Menyadari bahwa segala sesuatu adalah anuherah, Fransiskus menghendaki agar saudara-saudaranya menjadi saudara universala bagi semua orang dan segenap ciptaan, karena semuanya mengambil bagian dalam proyek cinta yang ilahi. Para pengikut Fransiskus hendaknya tidak memandang sesame sebagai pesaing, melainkan sebagai rekan seperjalanan dalam cara hidup yang sama. Fransiskus sendiri menjadi saudara universal yang penuh sukacita kepada siapa saja baik itu orang kaya atau miskin, teman atau musuh, orang beriman atau orang berdosa. Fransiskus sadar dan yakin bahwa perang dan kebencian bukanlah jawaban yang baik dalam mengatasi konflik; itulah sebabnya ia memohon kepada Paus Honorius III untuk menganugerahkan indulgensi Pertobatan Assisi.
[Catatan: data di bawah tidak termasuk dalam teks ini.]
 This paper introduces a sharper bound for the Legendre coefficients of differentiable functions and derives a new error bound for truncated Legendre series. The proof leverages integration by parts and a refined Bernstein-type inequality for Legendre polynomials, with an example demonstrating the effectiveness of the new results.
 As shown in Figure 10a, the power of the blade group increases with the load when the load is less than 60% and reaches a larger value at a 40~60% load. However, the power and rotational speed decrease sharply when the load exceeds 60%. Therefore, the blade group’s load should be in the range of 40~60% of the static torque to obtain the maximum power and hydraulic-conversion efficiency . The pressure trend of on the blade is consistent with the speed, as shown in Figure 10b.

Kecuali itu, Fransiskus juga dengan rendah hati mendekati kaum heresy (Pengajar sesat) dan kaum Muslim di tengah peristiwa perang salib; Ia mendekati mereka dengan penuh persahabatan dan memeluk mereka untuk memberikan salam damai. Meneladani ajaran dan teladan Fransiskus, para pengikut Fransiskus menawarkan prinsip persaudaraan sebagai karakteristik penting yang khas bagi sekolah Fransiskan dan mengjukan hal itu sebagai panduan dan horisan bagi keberadaan mereka di dunia.
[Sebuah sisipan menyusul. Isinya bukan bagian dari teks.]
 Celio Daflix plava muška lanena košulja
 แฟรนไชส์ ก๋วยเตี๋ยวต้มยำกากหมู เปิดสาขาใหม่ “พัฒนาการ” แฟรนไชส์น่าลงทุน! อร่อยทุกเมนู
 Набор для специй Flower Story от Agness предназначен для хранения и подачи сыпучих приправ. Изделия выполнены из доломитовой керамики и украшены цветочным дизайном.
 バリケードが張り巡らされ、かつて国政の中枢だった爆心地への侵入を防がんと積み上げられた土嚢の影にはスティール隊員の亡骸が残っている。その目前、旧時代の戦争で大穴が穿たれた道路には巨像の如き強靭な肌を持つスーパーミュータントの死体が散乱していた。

Konsep persaudaran melampaui konsep solidaritas. Jika solidaritas mencari kesetaraan sehingga tidak seorangpun mengalami kekurangan atas kebutuhan mereka, maka persaudaraan lebih dari itu karena ia menekankan pentingnya individualitas dan singularitas seseorang; persaudaraan tidak hanya menekankan pentingnya kesetaraan tetapi juga akan nilai penting perbedaan. Dengan adanya persaudaraan, orang tidak lagi cenderung untuk merasa superior terhadap yang lain, melainkan merasakan persatuan yang intim kepada semua orang dan dengan penuh sukacita saling berbagi. Sesama adalah saudaraku bukan sebagaii pesaing; Aku harus menerima sesama sebagaimana adanya mereka; kita saling melengkapi satu sama lain; kebutuhan seseorang menjadi tanggungjawab bagi yang lain, dan demikian sebaliknya. Persaudaraan serupa juga harus kita perluas dengan segenap ciptaan. Segenap ciptaan adalah saudara dan saudari karena mereka masing-masing mempunyai nilai pada dirnya sendiri. Segala sesuatu yang ada saling berelasi dan bergantung satu dengan yang lain.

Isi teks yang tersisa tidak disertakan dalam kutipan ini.